This was the classic case of “in like a lion and out like a lamb.”
Innovatio almost pulled off one of the most innovative patent campaigns in history. In particular, Innovatio negotiated control of an extremely potent portfolio of WiFi patents invented by Broadcom engineers. Instead of using those patents to go after WiFi equipment manufacturers, like Motorola, Cisco, Netgear and others, it went after numerous WiFi end users. Coffee shops, hotels, and other venues all received letters, or even had lawsuits filed against them. And the message was always the same – pay us a nominal sum, like $2500, and all of this pain can go away. This strategy, which had been employed so successfully by Jerome Lemolsen many years ago, paid some early dividends for Innovatio.
Eventually, however, the major manufacturers stepped in.
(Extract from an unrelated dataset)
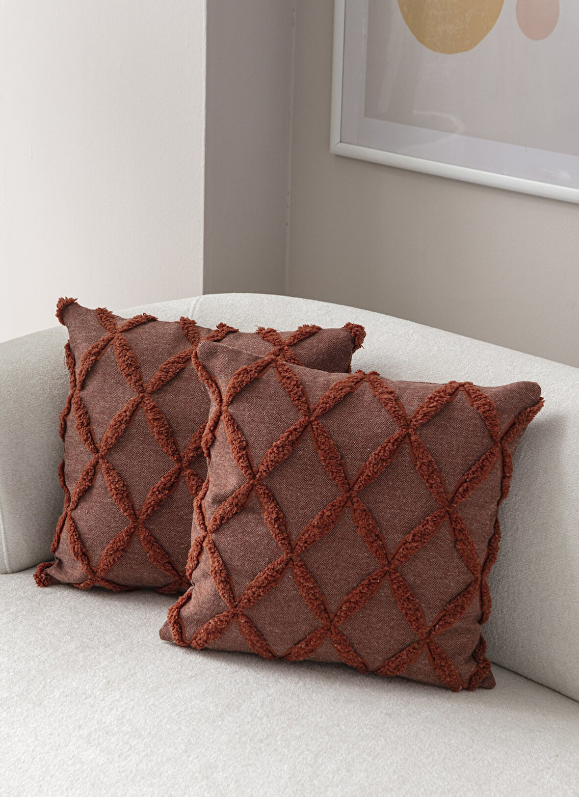 Sarmal Desenli Punch Işlemeli Keten Kırlent Kılıfı, Puantiyeli Kırlent Kılıfı, 43x43cm
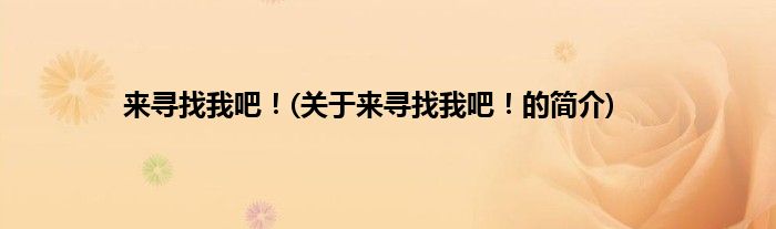 本文关于来寻找我吧!的简介就讲解完毕,希望对大家有所帮助。

While they raised the usual defenses; i.e., noninfringement, invalidity, etc., they also argued that the patents were subject to RAND licensing terms due to Broadcom’s participation in various standards processes. It was this argument that eventually caused Innovatio’s case to explode. Back in October, the Court ruled that Innovatio’s patents were subject to RAND terms, and set a very low royalty per device. The settlements began to role in shortly thereafter. Instead of the billions it was hoping to garner, Innovatio ended up pulling in a few million dollars.